Él era un hombre de aspecto presuntuoso, sensual y bastante aguerrido. Sus manos eran grandes y finas, sus cabellos rojizos caían por sus hombros hasta rozar su cintura. Lo que más llamaba la atención era su piel y su mirada de ojos color ámbar. Sin duda un hombre elegante, controvertido, extrovertido y bastante habilidoso. Se llamaba Gabriel y firmaba como El Romano. Estaba orgulloso de su ciudad, de su pasado histórico y sobretodo de la belleza de sus noches. Sin embargo veía que algo le anclaba a la tristeza, sonreía pero no tenía magia en sus facciones. Tan sólo lo veía en paz cuando trazaba las siluetas de las vírgenes, sensuales y tan eróticas que en vez de rezarlas otros las tomaría como una mujer de una noche. Los monjes no veían estas obras y tan sólo conocían los Jesús de Nazaret de aspecto bondadoso, aunque también el hijo de Dios tenía connotaciones sexuales y sobretodo homosexuales. Una vez reía mientras pintaba un ángel desnudo masturbándose ante el ojo divino.

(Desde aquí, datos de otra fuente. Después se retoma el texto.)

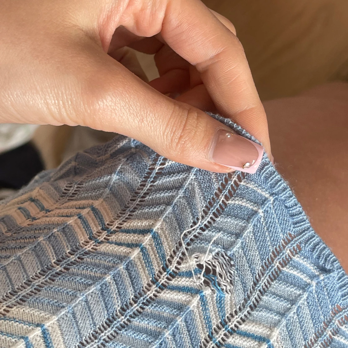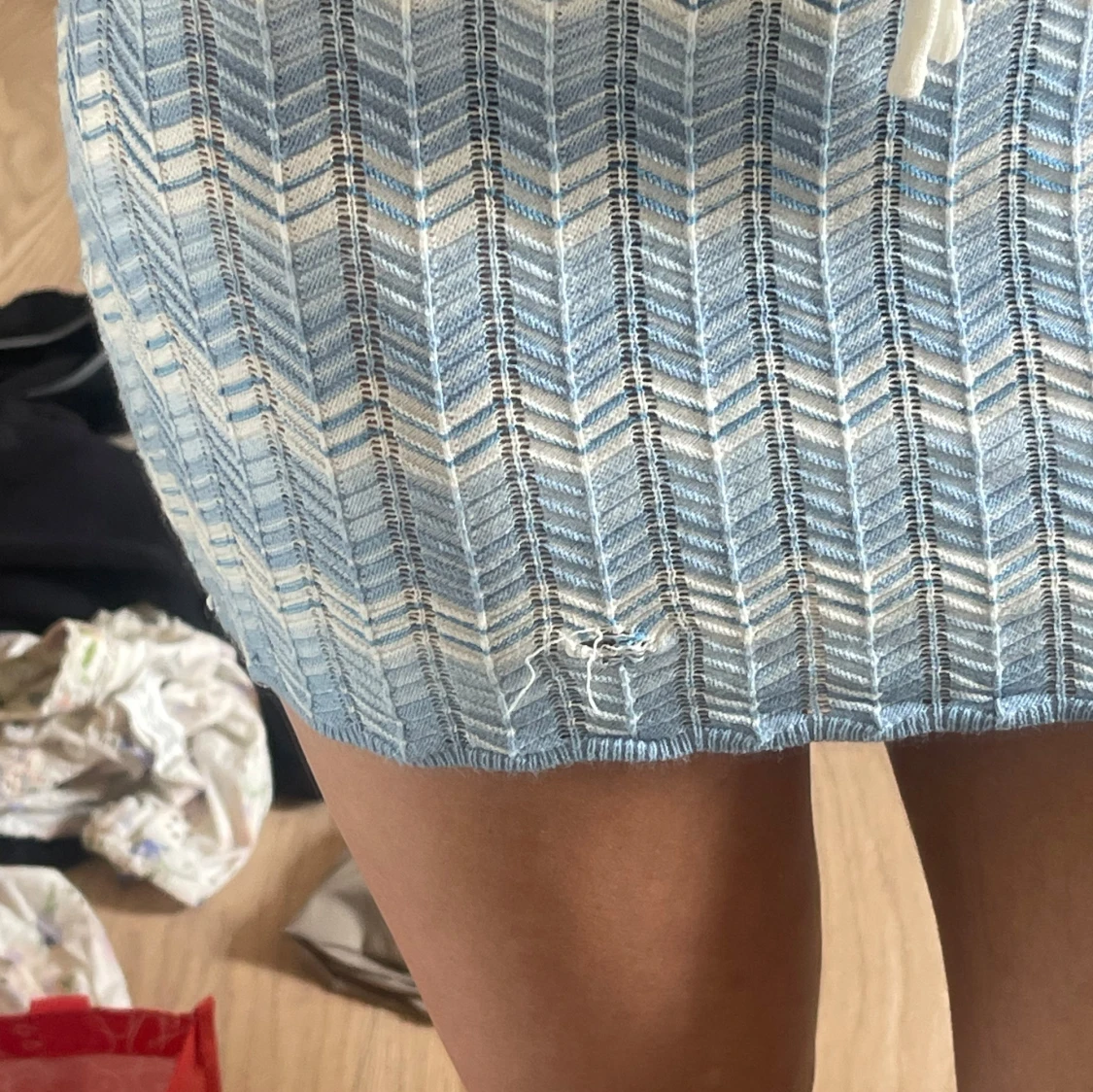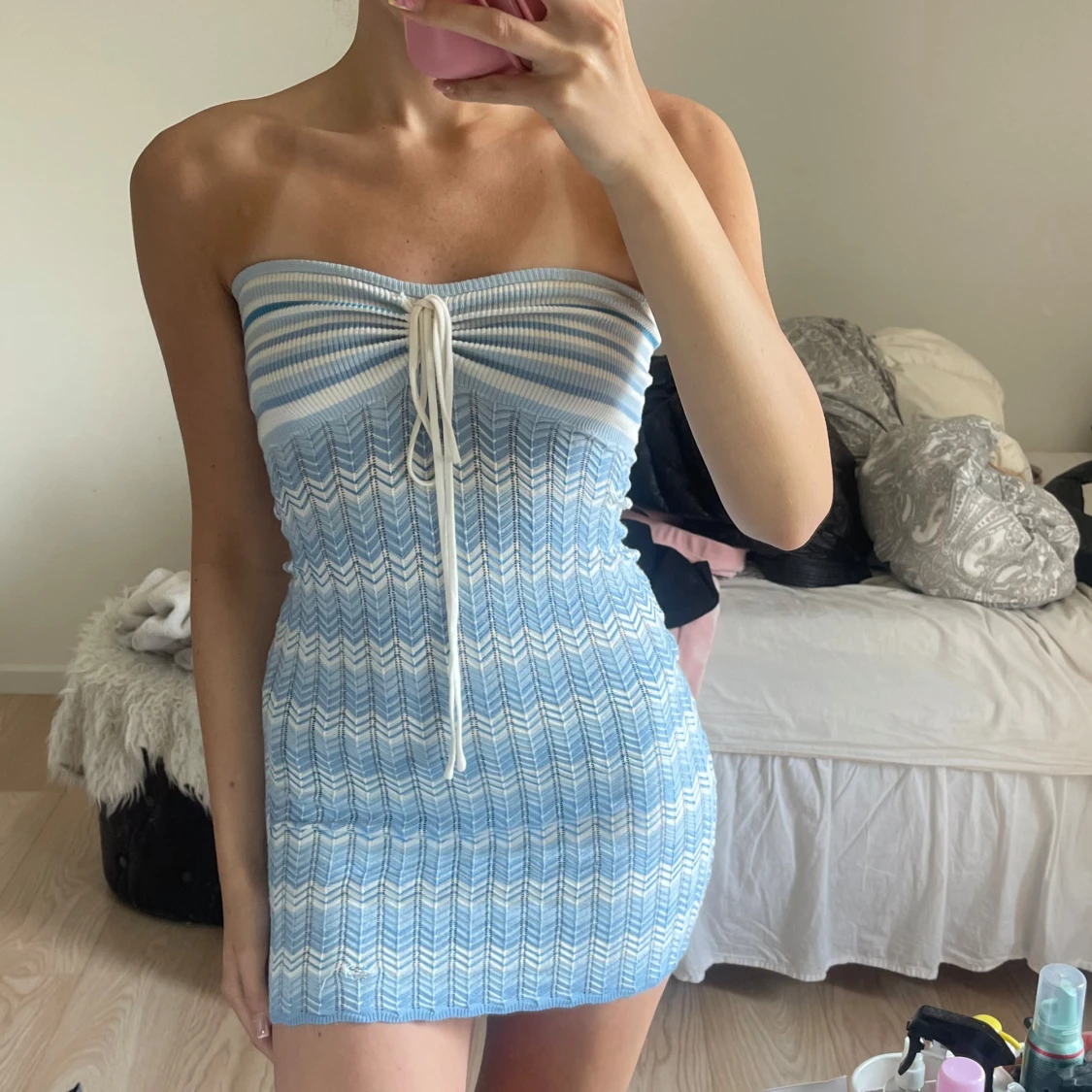 Supersöt stickad kortklänning i blått och vitt med zigzag-mönster. Klänningen är axelbandslös med snörning framtill som kan knytas runt halsen eller hänga ner. Tight passform och perfekt för sommarens varma dagar. från bershka strl M, den har ett hål (se bild) men syns inte på utan bara om man kollar nära
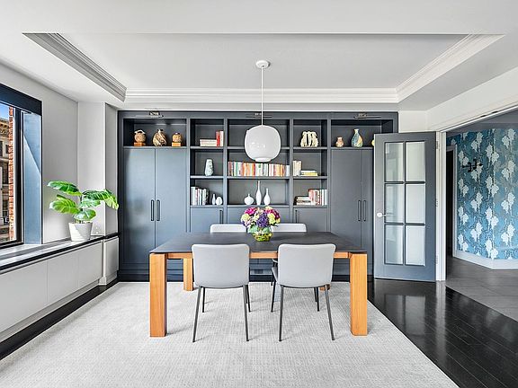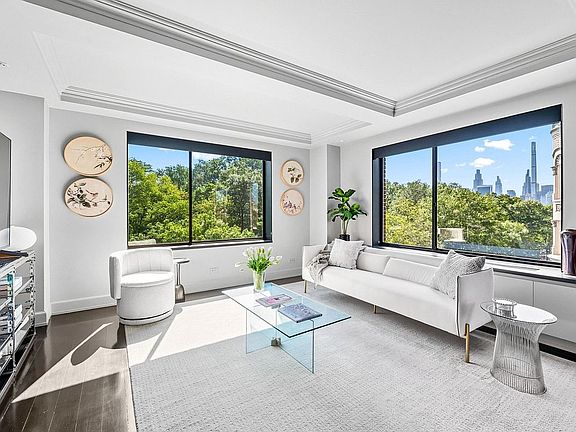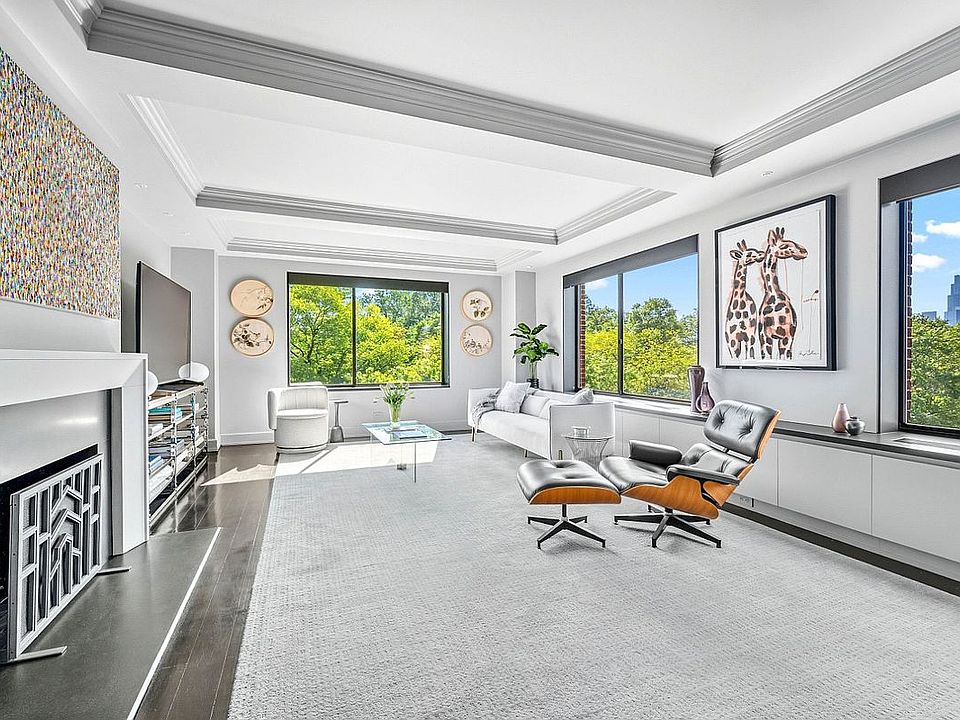 The sun-drenched formal expanse reaches nearly 30 feet and is surrounded by Central Park views from every picture window with both south and east exposures, drawing in fabulous natural light. There is a wall of custom-built ins, a wood-burning fireplace for cozy winter nights, and plenty of room for formal dining.
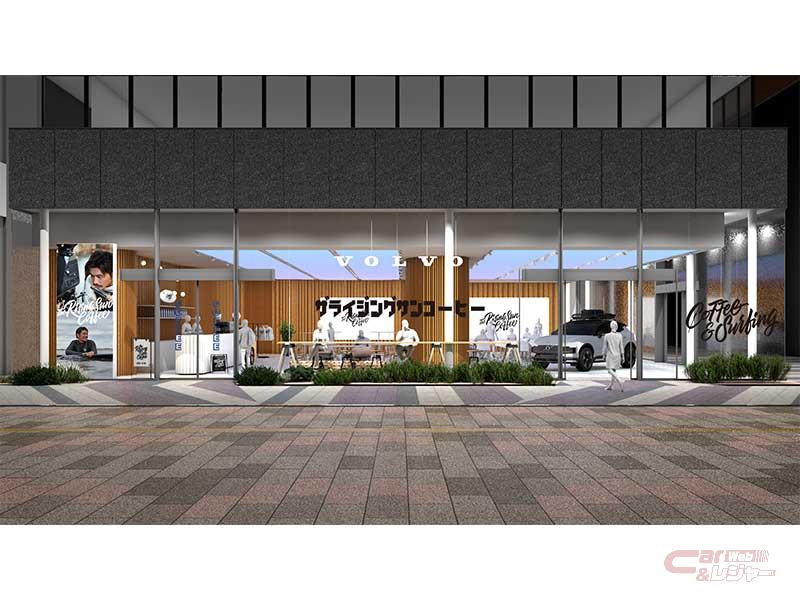 Volvo Studio Tokyo内のカフェスペースにThe Rising Sun Coffeeが期間限定で出店し、坂口さんが提唱する「After Surf」をはじめとしたライフスタイルの世界観を、コーヒーとともに提供する。

Él se convirtió en mi hermano mayor, mi familia y confidente. Fue a quien le confesé mi rotundo odio hacia las mujeres, las odiaba por culpa de mi madre y mi abuela. Ellas jamás hicieron nada por mí y la que me trajo al mundo me apaleaba a diario. En mi cuerpo juvenil tenía marcas de latigazos, arañazos mal sanados y marcas de costuras por culpa de un navajazo.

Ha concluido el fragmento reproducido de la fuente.